The ongoing climate change might also affect respiratory allergic diseases as it promotes an increased length and severity of pollen season (D’Amato et al. 2014). Due to the mainly man-made increase in greenhouse gas emissions, global temperature has distinctly increased over the past decades (D’Amato et al. 2014). Climate projections for Central Europe expect within the next decades a proceeding temperature increase, changed precipitation patterns and more frequent extreme events, such as heat waves, droughts, floods and thunderstorms (European Environmental Agency (EEA) 2012; D’Amato et al. 2014; Kovats et al. 2014). European beech (Fagus sylvatica L.) has to meet a challenge that is associated with its sensitivity to intensive droughts and water shortage during growing season, to milder winters, which could reduce the required winter chilling period and, on the other hand, to waterlogged soils and hindered nutrient uptake resulting from increased precipitation (Heide 1993; Sykes et al. 1996; Gessler et al. 2007; Körner and Basler 2010).

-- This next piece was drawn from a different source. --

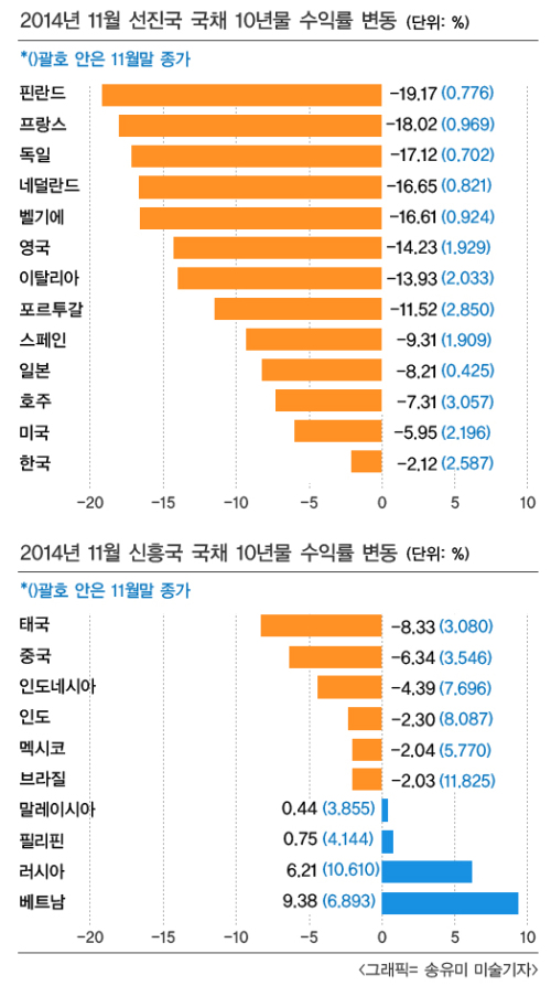 지난 11월 한달간 뉴스핌이 집계한 23개국 채권 가운데 가격이 떨어진 곳(채권수익률 상승)은 신흥국인 러시아와 베트남, 필리핀, 말레이시아 정도였다.

Annual pollen sums of European beech differ greatly among the years. This phenomenon that is called masting is also shown by a lot of other temperate tree species, e.g. birch (Jäger et al. 1991; Dahl and Strandhede 1996). During mast years, intensive flowering and fruiting of trees of the same species occur synchronously over large areas (Satake and Iwasa 2000; Dahl et al. 2013). Masting in European beech is controlled by endogenous and several exogenous factors (Piovesan and Adams 2001). The differences in annual pollen sums also have a clinical impact and should be considered by practicing physicians.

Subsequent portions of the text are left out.